Sentenza di Cassazione Penale Sez. 3 Num. 13824 Anno 2025
Penale Sent. Sez. 3 Num. 13824 Anno 2025
Presidente: COGNOME NOME
Relatore: COGNOME
Data Udienza: 06/03/2025
SENTENZA
sul ricorso di NOME COGNOME nato in Albania il 29/03/1995, avverso la sentenza in data 30/05/2024 della Corte di appello di Genova, visti gli atti, il provvedimento impugnato e il ricorso; udita la relazione svolta dal consigliere NOME COGNOME udito il Pubblico Ministero, in persona del Sostituto Procuratore generale, NOME COGNOME che ha concluso chiedendo il rigetto del ricorso; dato atto che l’avv. NOME COGNOME la quale aveva chiesto la trattazione orale, non si è presentata
RITENUTO IN FATTO
1.Con sentenza in data 30 maggio 2024 la Corte di appello di Genova ha confermato la sentenza in data 16 febbraio 2023 del Tribunale di Genova che aveva condannato NOME COGNOME alle pene di legge per violazioni in concorso dell’art. 73 d.P.R. n. 309 del 1990, consistenti nella detenzione di 98,003 grammi di cocaina, da cui era possibile ricavare 523 dosi (capo 2) e nel trasporto in Francia di circa 50 chili di marijuana (capo 4).

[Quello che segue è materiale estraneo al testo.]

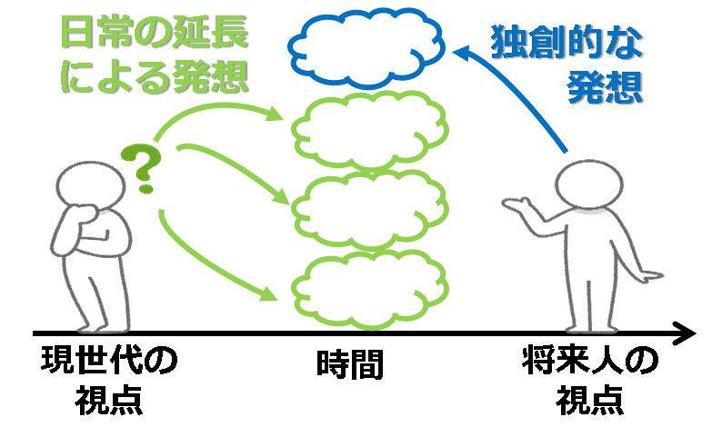 持続可能社会の実現は非常に困難な課題ですが、将来人になりきって考えてみるだけで思わぬ妙案が浮かぶかもしれません。まずは皆さんも、将来の社会の姿や、そこに住む人が何をして何を考え生きるのかをイメージしてみることから試してみてはいかがでしょうか。
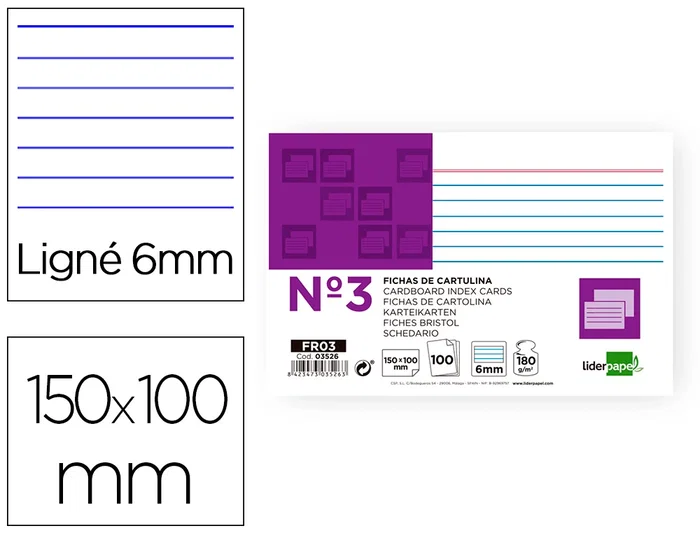 Fichas rayadas y lisas. Cartulina de 180 g/m². Ideal para fichas bibliográficas. Paquetes de 100 hojas.

Il ricorso consta di trenta pagine, compresa la procura speciale, non numerate, e censura la sentenza per violazione di legge e vizio di motivazione con
riferimento al rigetto dell’eccezione di incompetenza per territorio in favore del Tribunale di Roma, nonostante fosse stata tempestivamente proposta e sussistesse la connessione teleologica con il reato associativo di cui all’art. 74 d.P.R. n. 309 del 1990 commesso da altri soggetti (primo motivo), all’accertamento di responsabilità, non essendo emersi solidi elementi di giudizio a suo carico (secondo motivo), all’interpretazione delle intercettazioni, perché non era stato spiegato per quale ragione i loquenti parlassero proprio di lui (terzo motivo).
CONSIDERATO IN DIRITTO
3. Il ricorso è manifestamente infondato.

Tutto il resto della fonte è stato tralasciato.